OK, so, had an interesting thing happen today. First off, I upgraded the machine that is having this problem, from 4GB RAM to a whole 6GB RAM (leave me alone, this machine is full of hand-me-down parts :-D ).
I noticed that the webserver (nginx container) was not responding to any requests to one particular service, after some time. I didn't check the other services, figuring that I probably needed to restart either the machine or the nginx container.
I logged into the machine, and to my surprise, the machine wasn't dead, nor was nginx. I pulled up Task Man, and vpnkit was using 1.2GB and climbing (it had previously stopped climbing at 700MB).
Now, the nginx container is forwarding incoming requests to several services, most of which run also in docker, but a couple that are running in Node on Windows. And that's where this gets interesting.
SO, seeing that the other services all seemed to be working, I went to restart the service that wasn't working -- a Windows node.js process. When I terminated the node.js process, VPNKit immediately dropped from 1.2+GB of usage to 212MB.

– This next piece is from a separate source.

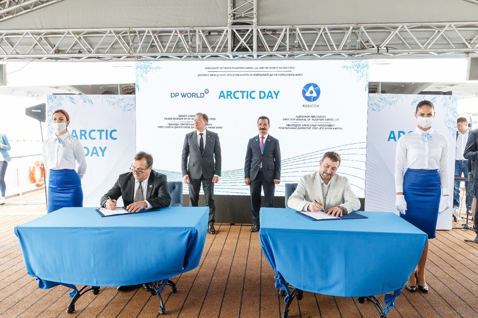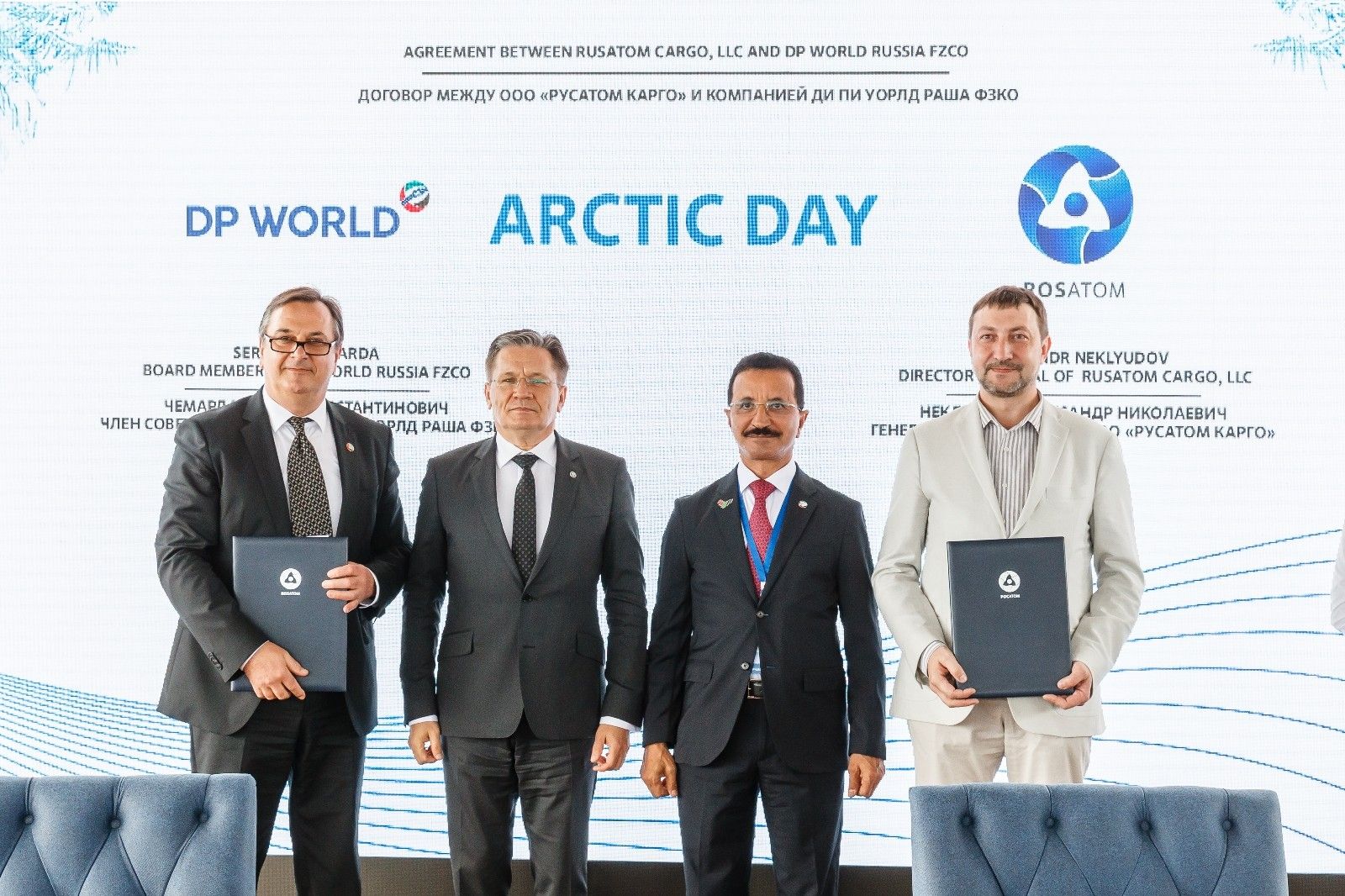23 Temmuz'daki anlaşmaya Rosatom Genel Müdürü Aleksey Lihaçev ve DP World Yönetim Kurulu Başkanı ve CEO'su Sultan Ahmed Bin Sulayem imza attı. Anlaşma, lojistik faaliyetlerini geliştirme arayışındaki Rosatom ve lojistik faaliyetler alanında dünya lideri olan DP World'ün, Kuzeybatı Avrupa ve Doğu Asya arasında Kuzey Kutbu destek taşımacılık altyapısını kullanarak pilot konteyner taşımacılığını geliştirme çabalarını birleştirmesini öngörüyor. Kuzey Deniz Yolu (NSR) ulusal altyapı operatörü ve uluslararası küresel lojistik lideri, Kuzey Kutbu temelli entegre kargo taşımacılığı altyapı hizmetlerini geliştirme ve test etme konusundaki işbirliklerinin, pazara Avrasya mal değişiminin ve genel olarak dünya ticaretinin sürdürülebilirliğini iyileştirecek opsiyonel bir kargo taşımacılığına kılavuzluk etme imkanı sunacağına inanıyor.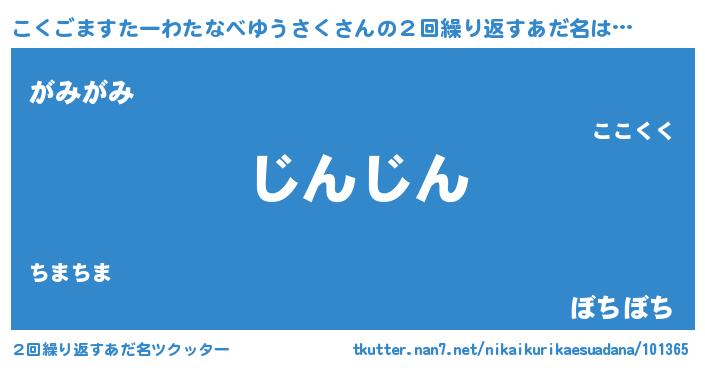 | 意味不明あだ名 | 『住所不定無職こくごますたーわたなべゆうさく(91歳)』 |

In the time that it took me to type this message, it has reclimbed to 518MB, and seems to be hanging on right around there.
@ericblade that's an interesting observation, thanks.
It's possible there's a memory leak in an error path -- I'll try to run some more tests locally to see if I can provoke it. So far I have managed to make the memory usage of vpnkit increase, but when I trigger a GC (in latest edge 18.05.0-ce-mac66
on Mac you can do this by kill -USR1 <vpnkit pid>
) it also drops to about 200 MiB. Perhaps the leak is being caused by waiting longer between garbage collects. One of the (innocuous-looking, completely-unrelated?) changes between 17.12 and 18.03 was a fix to the standard library to avoid too many garbage collects... perhaps we now have too few?
The latest edge build on Mac and Windows will trigger a full GC every 30 minutes, and log the results-- it's worth upgrading to that to see if it improves at all.
This happened after updating to 18.* branch. At this moment I have
18.03.0-ce-rc4-win57 (16511)
build and myvpnkit.exe
steals gigabytes of RAM in 2-3 hours with 2 containers running.Like this:
Or even like this:
I think it should never consume about 8 GBs of my RAM.